Я понял, что тщеславие Пуаро абсолютно неискоренимо, и напомнил ему, что уже несколько раз, будучи на сто процентов уверенным в успехе, он проигрывал партию. Но разубедить Пуаро, когда он уже предвкушает победу, — напрасная трата времени.
— Понимаете, друг мой, — продолжал Пуаро, — нам надо проделать нечто вроде карточного фокуса. Знаете какого? Вы берете четыре валета, кладете одного сверху колоды, другого — снизу, а остальных в середину. Потом колода перемешивается, и все валеты опять вместе. Старый фокус «с бородой». Вот я и хочу проделать такой же трюк с Большой Четверкой. Раньше было так: я сражаюсь сначала с одним членом Четверки, потом с другим и никогда — со всеми вместе. Вот я и хочу, чтобы они собрались разом, как четыре валета в колоде, и уничтожу их всех одним ударом.

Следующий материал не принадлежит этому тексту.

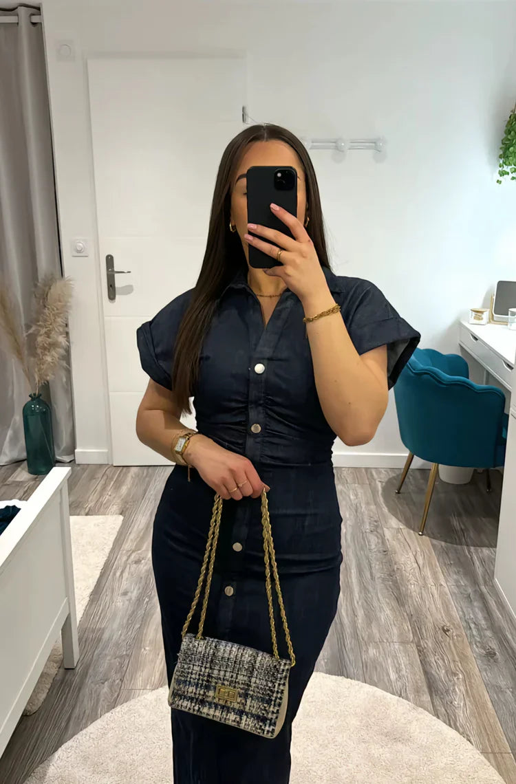 “"The Noir Sculpt Mini Dress hugs in all the right places—it's sleek, bold, and makes me feel amazing."”
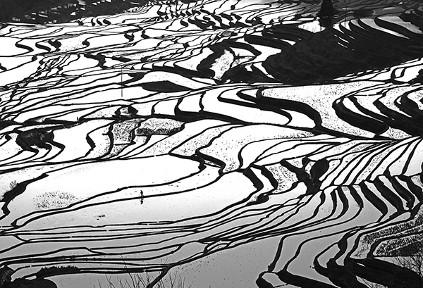 調子を硬くした状態の写真を和紙にプリントすることで、版画のような面白さを引き出した作品になっています。プリンターならではの表現で、写真の内容的にもマッチした表現です。写真はスケール感のある棚田の様子を写しており、絵画的でありながら適度なグラデーションが再現され、目を引きます。少し黄味のある和紙を使っているのも良いと思います。

— А что вы собираетесь предпринять, чтобы они собрались вместе? — спросил я.
— Затаиться в засаде и ждать подходящего момента.
— Но это ожидание может затянуться надолго! — проворчал я.
— Вы, как всегда, нетерпеливы, милый мой Гастингс. Но не огорчайтесь. Это долго не протянется. Теперь их ничто не удерживает. Единственный человек, которого они боялись, — мертв. Они начнут действовать самое большее через три месяца.
Когда он произнес слово «мертв», я вспомнил об Инглесе и его трагической смерти. И еще я вспомнил, что забыл рассказать Пуаро о смерти слуги Инглеса.
Пуаро внимательно выслушал меня.
— Слуга Инглеса? Вы говорите, что этот китаец говорил по-итальянски? Удивительно.
— Поэтому-то я и решил, что его подослала ко мне Большая Четверка.
— Если бы они хотели поймать вас на крючок, Гастингс, то их посланник разговаривал бы не по-итальянски, а на пиджин-инглиш.[38] Нет, это был действительно слуга Инглеса. Вспомните, пожалуйста, подробнее все, что он говорил.
— Прежде всего он несколько раз упомянул о какой-то «Хэнделс Ларго» и произнес слово «каррозза». Это означает «экипаж», не так ли?
— Да. Больше он ничего не сказал?
— Потом, в самом конце, он пробормотал что-то вроде «Кара» и какое-то женское имя «Зиа». Не думаю, что все это имеет отношение к делу.
— Не скажите, друг мой, не скажите. Кара Зиа — это очень важно.
— Но я не вижу…
— Мой дорогой друг, вы, англичане, не слишком сильны в географии.
— При чем тут география? — обиженно спросил я.
— Да, сейчас нам очень бы пригодился мосье Томас Кук,[39] — произнес Пуаро и замолчал, как всегда напустив на себя покров таинственности.
Как я ни был раздосадован но все же заметил, что настроение Пуаро значительно улучшилось, как будто он уяснил что-то для себя чрезвычайно важное.
Дни проходили, приятные, но монотонные. Приятные, потому что на вилле была отличная библиотека, а природа вокруг поражала своим великолепием. Монотонные, потому что меня раздражала вынужденная необходимость сидеть сложа руки, вместо того чтобы действовать, и я поражался терпению Пуаро. Так продолжалось до конца июня, когда истек срок предсказанного Пуаро затишья.